Asking for a problem related to data transform which I discovered in dgl example of graphsage

yichuan520030910320 · January 21, 2023, 9:03am

train_idx = dataset.train_idx.to(device)
val_idx = dataset.val_idx.to(device)

before trainig (device is GPU) . If that means the GPU can accommodate all of the dataset. so I think it is unnecessary for us to use minibatch later

for it, (input_nodes, output_nodes, blocks) in enumerate(train_dataloader):

becuase our GPU is large enough

and find there is a line of code

blocks = [b.to(torch.device(‘cuda’)) for b in blocks]

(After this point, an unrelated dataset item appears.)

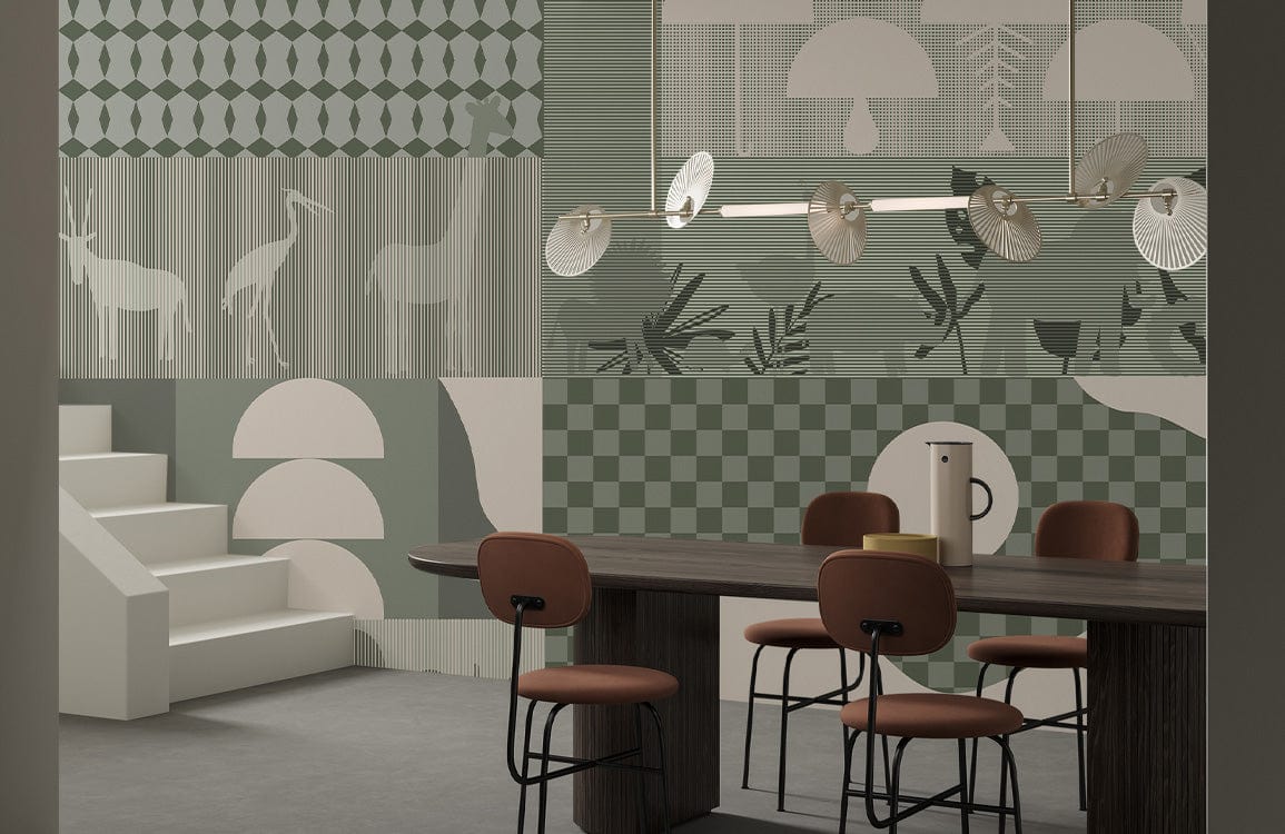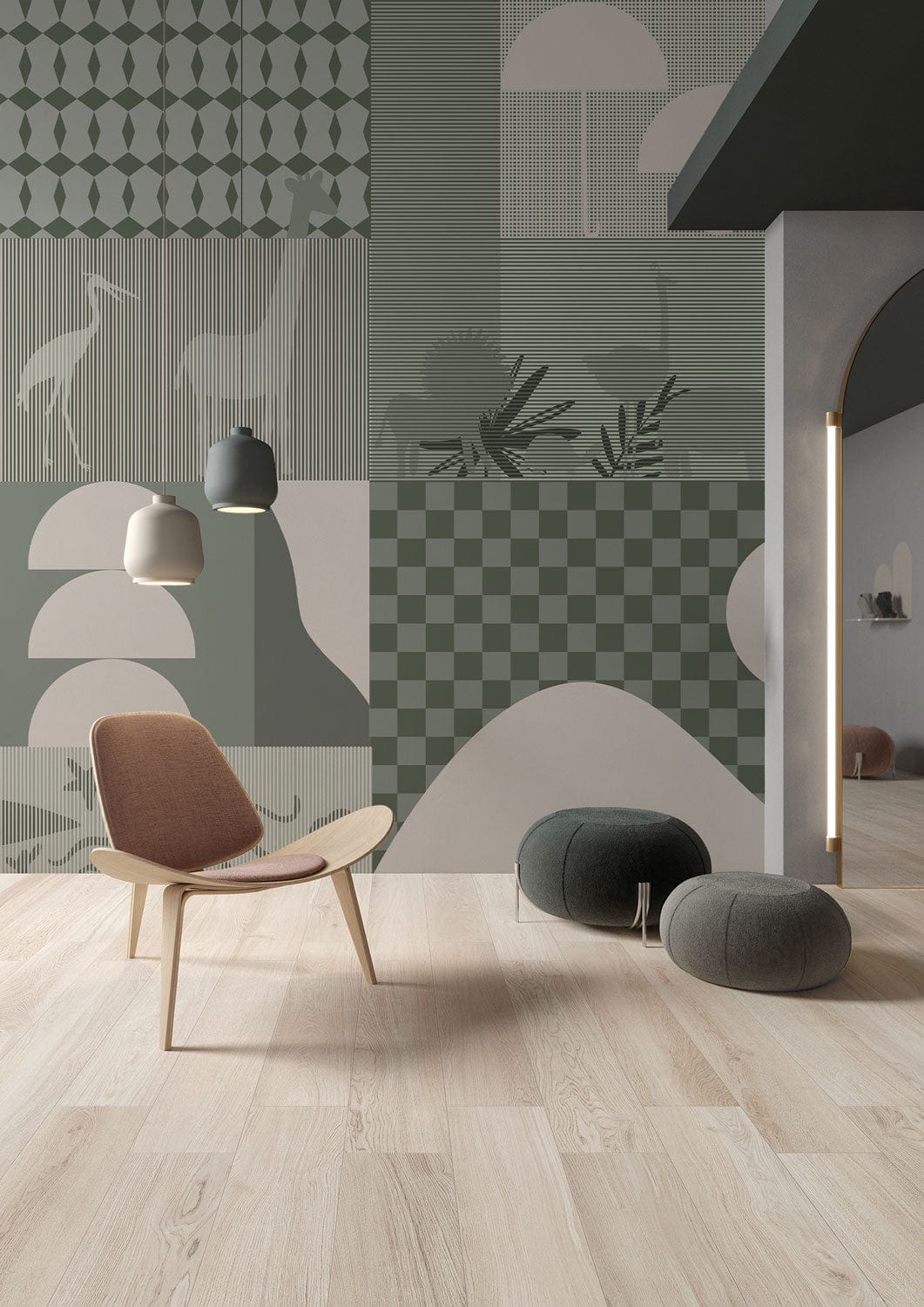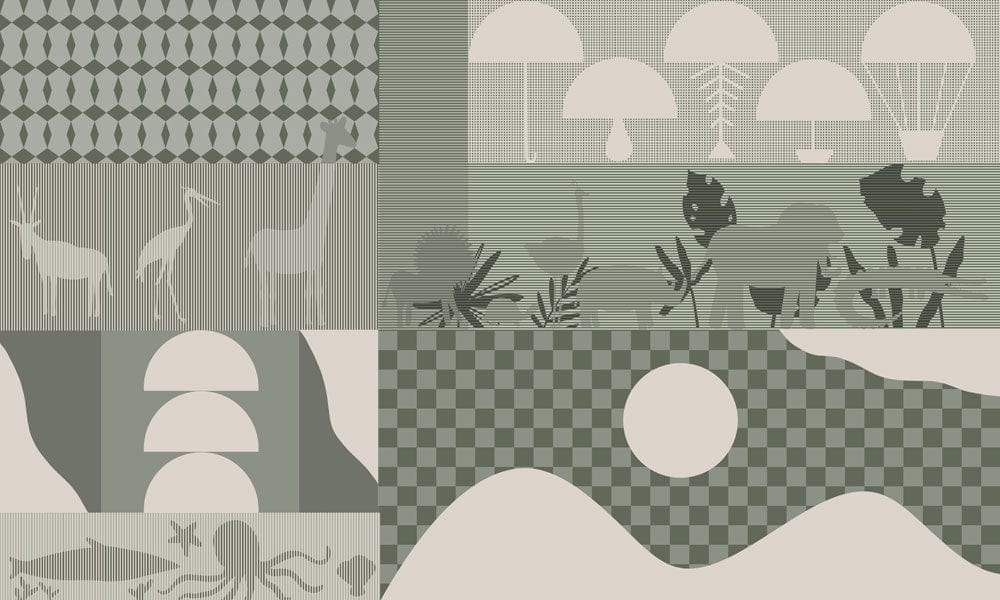 This Modern Bauhaus Geometric Wallpaper captivates with its artistic interplay of abstract shapes, wildlife silhouettes, and intricate patterns. Its subtle harmony of muted tones creates a sophisticated and timeless atmosphere, seamlessly integrating into any contemporary or retro-inspired interior. Perfect for adding a touch of creative depth, the wallpaper transforms walls into a canvas of elegant serenity, inviting a sense of balance and artistry into your home.

in the loop body of minibatch

so I wonder which one is correct

because I want to find an example that cater to the process of

take a mini-batch of training nodes and sample a subgraph from these nodes
gather node / edge features used by the subgraph from CPU memory and
copy into GPU
GNN model forward & backward & weight updates

also If anyone gan give me an example of a totally large dataset that A100 can not accommodate, thanks a lot

dyru · January 28, 2023, 2:23am

For the first question, train_idx and val_idx are just node indices. Full-graph training requires the storage of features and intermediate hidden states, which consume much larger memory. Besides, even if your GPU capacity is enough for full-graph training, mini-batch training is still worthy of attempts. The stochastic training may bring faster convergence and better performance.
Please find some large-scale datasets here.

yichuan520030910320 · January 30, 2023, 5:49pm

Thanks for your reply!

system · March 1, 2023, 5:49pm

This topic was automatically closed 30 days after the last reply. New replies are no longer allowed.